The task: Your answer must be an exact copy of the listing that follows, with all pictures omitted.
┌────────
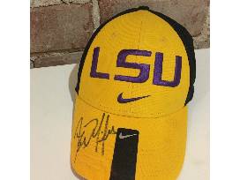 A yellow and black LSU hat signed by former LSU coach, Les Miles.
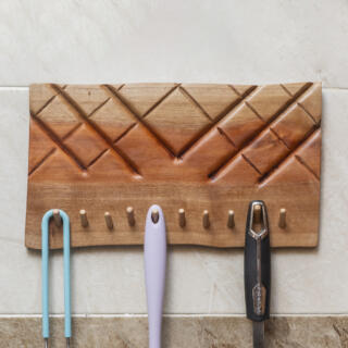تتميّز بتشطيب متين وعلّاقات خشبية قوية تناسب الملاعق والمغارف والمصافي وغيرها من الأدوات اليومية.
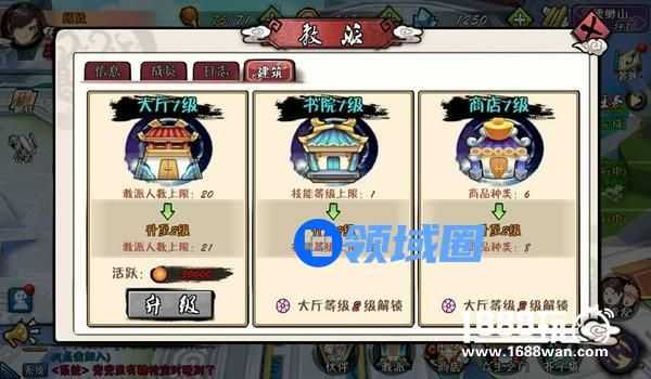 除了以上的界面之外,教派的功能性还集中在其建筑之上。我们进入建筑页面之后可以看到目前共有三大建筑:“大厅”“书院”“商店”,其中大厅属于基础设施用来增加人口,书院和商店则是能给帮众带来福利。【教会玩法】
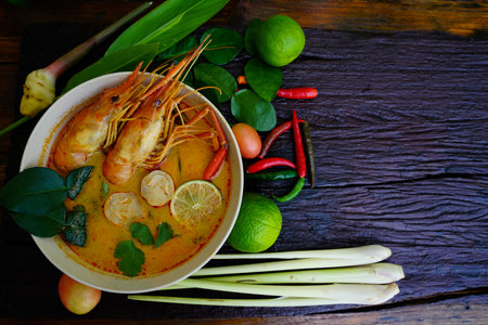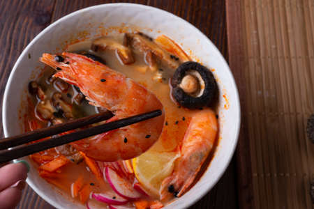 Food and drink, traditional Thai cuisine. Spicy tom yam kung, tom yum sour soup with shrimp, prawn, coconut milk, lemongrass and chili pepper in a bowl on a wooden table
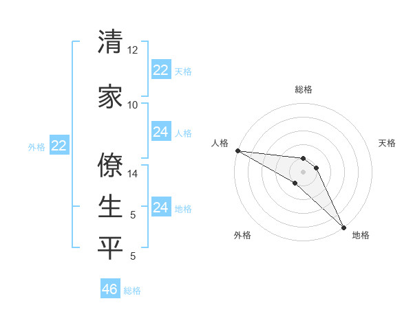 清家 僚生平さんの地格は24画の5点!
└────────
Exercise result:
 A yellow and black LSU hat signed by former LSU coach, Les Miles.
تتميّز بتشطيب متين وعلّاقات خشبية قوية تناسب الملاعق والمغارف والمصافي وغيرها من الأدوات اليومية.
 除了以上的界面之外,教派的功能性还集中在其建筑之上。我们进入建筑页面之后可以看到目前共有三大建筑:“大厅”“书院”“商店”,其中大厅属于基础设施用来增加人口,书院和商店则是能给帮众带来福利。【教会玩法】
 Food and drink, traditional Thai cuisine. Spicy tom yam kung, tom yum sour soup with shrimp, prawn, coconut milk, lemongrass and chili pepper in a bowl on a wooden table
 清家 僚生平さんの地格は24画の5点!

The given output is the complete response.